La Securities and Exchange Commission limite sérieusement l’engagement actionnarial

Le débat en assemblée générale d’actionnaires est une option fondamentale pour faire progresser certaines thèses au niveau de la gouvernance. Le dépôt de projets de résolution à l’ordre du jour d’une assemblée renforce ce débat, dans le sens où il interpelle l’ensemble des actionnaires à travers un vote sur des questions très précises. Aux Etats-Unis, cette pratique existe depuis longtemps, favorisée par une certaine habitude des modes d’action engagés, mais aussi par les facilités offertes par la législation aux actionnaires modestes pour l’inscription de projets de résolution à l’ordre du jour des assemblées. Ainsi, dans ce pays, les actionnaires déposent, chaque année, quelque 300 projets de résolution sur des sujets ESG (sociaux, environnementaux, gouvernance). Mais en avril 2017, l’administration Trump a commencé à poser des jalons pour réformer le système (IE n° 258). En dépit d’une opposition marquée des actionnaires activistes, mais aussi de nombreuses sociétés de gestion, l’organisme américain de réglementation des marchés financiers, la SEC (Securities and Exchange Commission), a annoncé le 23 septembre 2020 de nouvelles règles qui restreignent drastiquement la possibilité pour des actionnaires de déposer des projets de résolution.

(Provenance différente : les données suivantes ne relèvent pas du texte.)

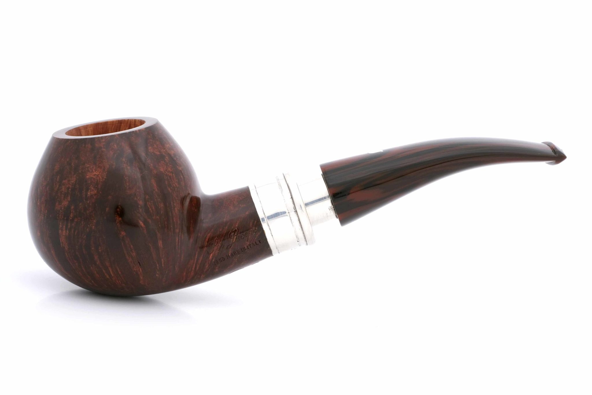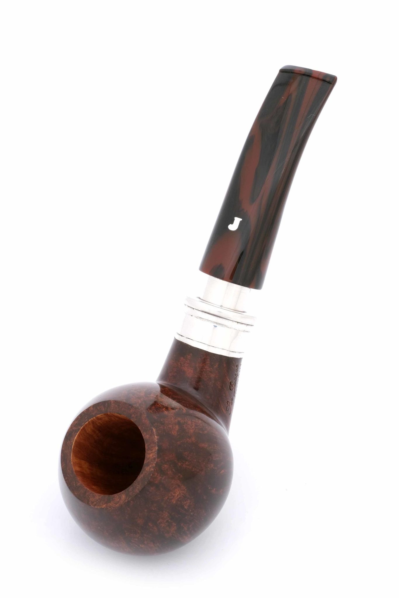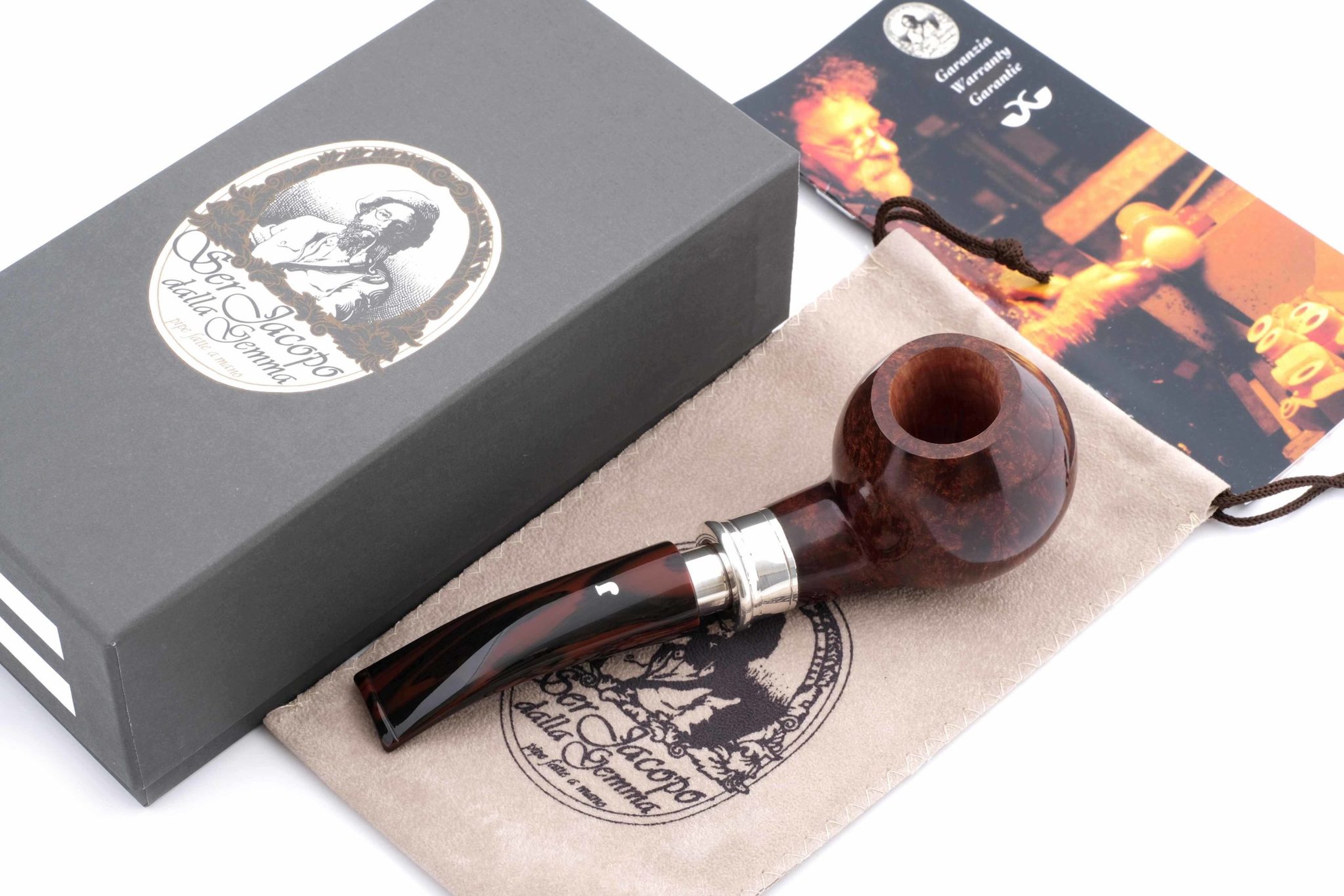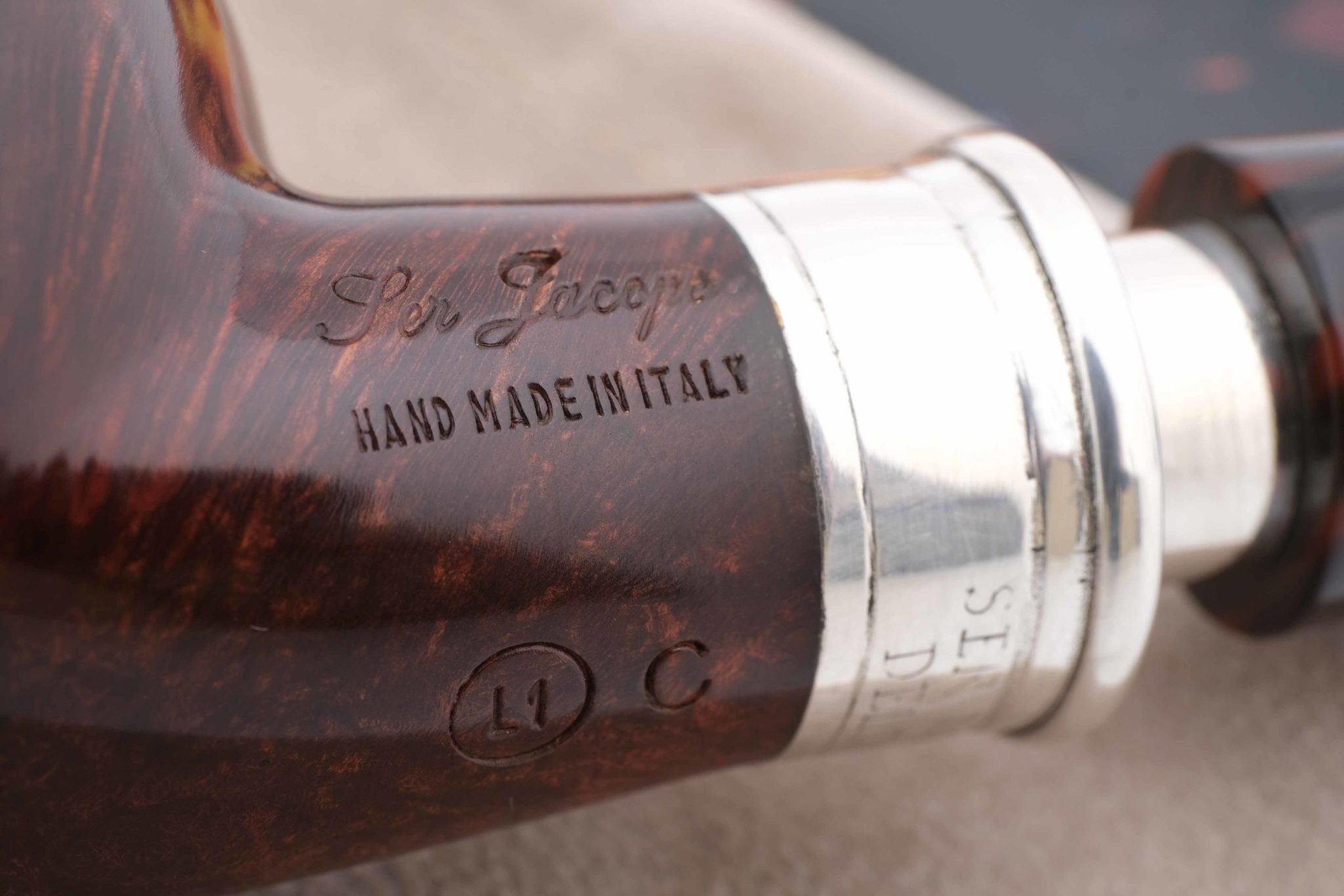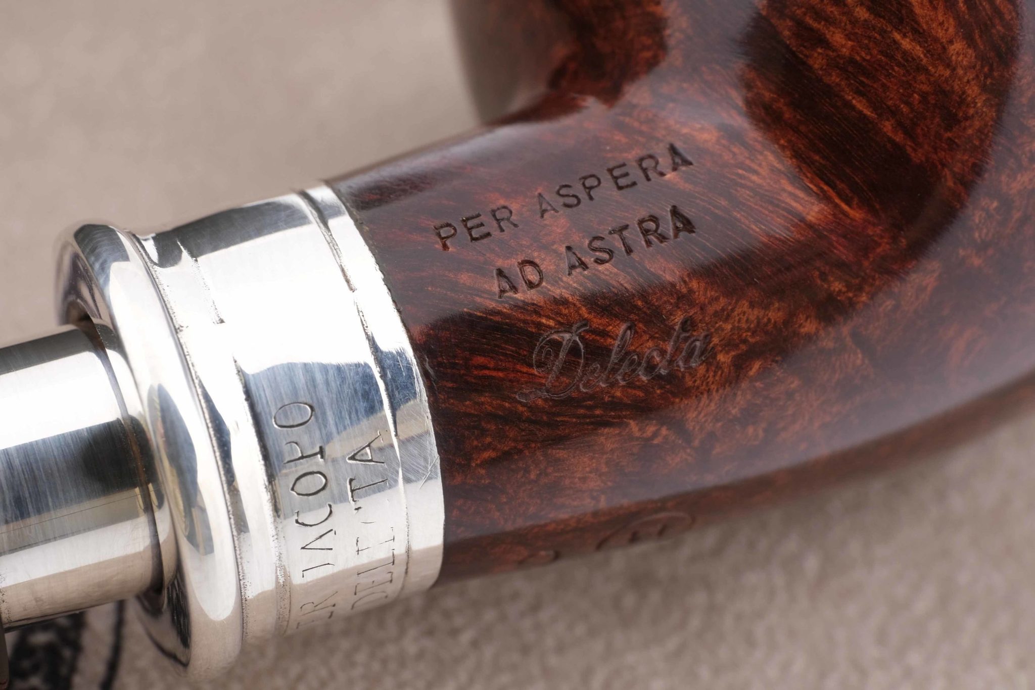 Классическая трубка Ser Jacopo серии Delecta. Двойное кольцо типа Delecta на чубуке и мундштуке выполнено из серебра 925 пробы. На трубке выбит девиз мастерской Ser Jacopo PER ASPERA AD ASTRA («Через тернии к звездам», лат.), маркировки: Ser Jacopo, Hand made in Italy, грэйд L1.

Jusqu’à présent, pour déposer un projet de résolution, un actionnaire devait détenir au moins 2 000 dollars en actions de la société pendant au moins un an. En vertu des nouvelles règles, les actionnaires devront posséder 25 000 dollars en actions pendant au moins un an ou 2 000 dollars pendant au moins trois ans. Du coup, cela limitera l’accès des petits actionnaires à cette initiative et réduira très fortement la richesse et la diversité des interventions. En outre, le nouveau règlement rendra beaucoup plus difficile le dépôt d’un projet ayant déjà été proposé au vote lors d’une précédente assemblée. Pour pouvoir soumettre à nouveau une proposition, la précédente règle exigeait qu’elle ait recueilli 3 % des suffrages en sa faveur la première année, 6 % lors d’un second vote et 10 % lors d’un troisième vote. Désormais, il faudra que la proposition ait obtenu 5 % des voix sur un premier vote, 15 % sur un deuxième et 25 % sur un troisième. Le risque est donc de faire disparaître les délibérations des actionnaires sur les questions émergentes.

Les organisations américaines impliquées dans l’engagement actionnarial dénoncent cette mesure et « l’hypothèse non étayée selon laquelle les propositions d’actionnaires sont simplement un fardeau pour les entreprises sans avantage pour les entreprises ou les investisseurs [qui ne soutiennent pas les résolutions externes] alors que cinquante années d’expérience prouvent le contraire ». Pendant des décennies, ce processus a permis aux directions et aux conseils d’administration de mieux comprendre les priorités et les préoccupations des actionnaires, en particulier celles des actionnaires préoccupés par la valeur à long terme des entreprises. L’engagement des actionnaires a servi de « système d’alerte précoce » crucial pour les entreprises en matière d’identification des risques émergents et il existe des centaines d’exemples d’entreprises ayant modifié leurs politiques et pratiques à la lumière d’un engagement productif avec les actionnaires.